How to Create ISO Adaptive Presets in Lightroom 9.3
One of the interesting new features added to the latest version of Lightroom is the ability to create ISO adaptive presets. What this means is that you can create presets that will change their settings depending on the ISO of the image to which they’re applied. Creating these is actually pretty straight forward, but there are a few things you should consider.
How to create an Adaptive ISO Preset
To create one of these new Adaptive ISO presets in Lightroom, you simply select two or more images of different ISO settings from which to create your presets, and then when creating a new preset check the box for creating an adaptive ISO preset. Here are the instructions step by step:
Step 1 - Select and Prepare Your Source Images
Make sure you have your images ready from which to create the presets. You will need at least two images of different ISO values (you can have more than two). You then need to apply the settings to each image, including changes between the two for anything you want to change with the ISO setting
For example, if you wanted to create a preset for sharpening and noise reduction, that had different values depending not he ISO settings, then set these settings on your source images. If you want to have other settings that don’t change with the ISO value, then make sure that these settings are the same on all your source images. For example, if you wanted to add contrast to the sharpening and noise reduction settings but wanted it to be constant, then make sure that this value is the same between images. For demonstration purposes, here are the settings I’m going to use in this demo:
ISO | Noise Reduction | Sharpening Amount |
---|---|---|
100 | 0 | 40 |
800 | 20 | 30 |
Step 2 - Create Your Preset
From the Filmstrip in the Develop module, select both images. Make sure both are selected and then go to the top of the preset browser and click on the + button and choose Create Preset.
This will bring up the New Develop Preset dialog. Check the settings that you want to save, and uncheck any setting that you don’t want to be part of the preset. At the bottom of the window, make sure to check the option that says: Create ISO Adaptive Preset.
Once you click Create this will create your new adaptive preset.
How does this work if you apply to a different ISO value?
So you may be wondering what happens if you apply the preset to an image with a different ISO value form one of the ones that you stored in the preset. Well, if it’s between the two values, the adjustments get interpolated. If it’s outside the rage, then it stays whatever the nearest is.
What does this mean in practical terms?
let’s say you created a preset with a different value for Luminance noise reduction. You used two images, one ISO100 and the other ISO800. For ISO 100 you set the noise reduction value to zero, and for ISO 800 you set it to 20.
If you then apply this to an image at ISO400 it will set the noise reduction value on that image to 10. The same will apply to any settings you have stored as part of the preset.
In this same example, if you apply the preset to an image of ISO1600 it will just use the ISO800 value of 20.

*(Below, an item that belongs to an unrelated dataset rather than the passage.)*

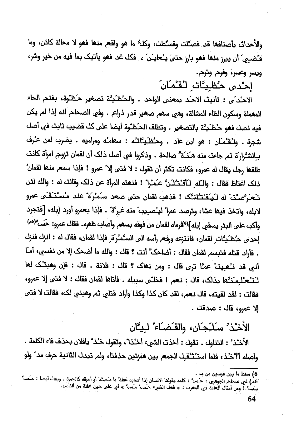 الإحدى: تأنيث الأحد بمعنى الواحد. والحظية تصغير حظوة، بفتح الحاء المهملة وسكون الظاء المشالة، وهي سهم صغير قدر ذراع. وفي الصحاح إنّه إذا لم يكن فيه نصل فهو حظية بالتصغير. وتطلق الحظوة أيضاً على كل قضيب تابت في أصل شجرة. ولقمان: هو أبن عاد. وحظياته: سهامه ومراميه. يضرب بمن عرف بالشرارة ثم جاءت منه هنة صالحة. وذكروا في أصل ذلك أن لقمان تزوج امرأة كانت طلقها رجل يقال له عمرو، فكانت تكثر أن تقول: لا فتى إلاّ عمرو! فإذا سمع منها لقمان ذلك اغتاظ فقال: والله لأقتلن عمرا! فنهته المرأة عن ذلك وقالت له: والله لأن تعرضت له ليقتلنك! فذهب لقمان حتى صعد سمرة عند مستقى عمرو لإبله، واتخذ فيها عشا، وترصد عمرا ليصيب منه غرة. فإذا بعمرو أورد إبله، فتجرد وأكب على البئر يسقي إبله فرماه لقمان من فوقه بسهم وأصاب ظهره. فقال عمرو: حس إحدى لقمان، فانتزعه ورفع رأسه إلى السمرة فإذا لقمان، فقال له: أنزل فنزل فأراد قتله فتبسم لقمان فقال: أضاحك أنت؟ قال: والله ما أضحك إلى من نفسي، أما إني قد نهيت عما ترى قال: ومن نهاك؟ قال: فلانة. قال: فإن وهبتك لها لتعلمنها بذلك، قال: نعم! فخلى سبيله. فأتاها لقمان فقال: لا فتى إلاّ عمرو، فقلت: لقد لقيته، قال نعم، لقد كان كذا وكذا وأراد قتلي ثم وهبني لك، فقالت لا فتى إلاّ عمرو، قال: صدقت.

The upshot of this is that you don’t need to use every conceivable ISO value as source images to create your ISO presets. Just use images at either end of the scale and it will interpolate the rest. Of course you can use more than one.
A Valuable feature
ISO Adaptive presets are a pretty valuable new feature, and makes the creation of certain types of presets much more convenient for end users. But where I think these will be most valuable is with the new(ish) defaults system in Lightroom. As you can now set your defaults for specific camera models to be based on presets, having those presets vary by ISO is highly valuable. It takes a little planning to set up, but once you do it can save you a lot of time with your workflow.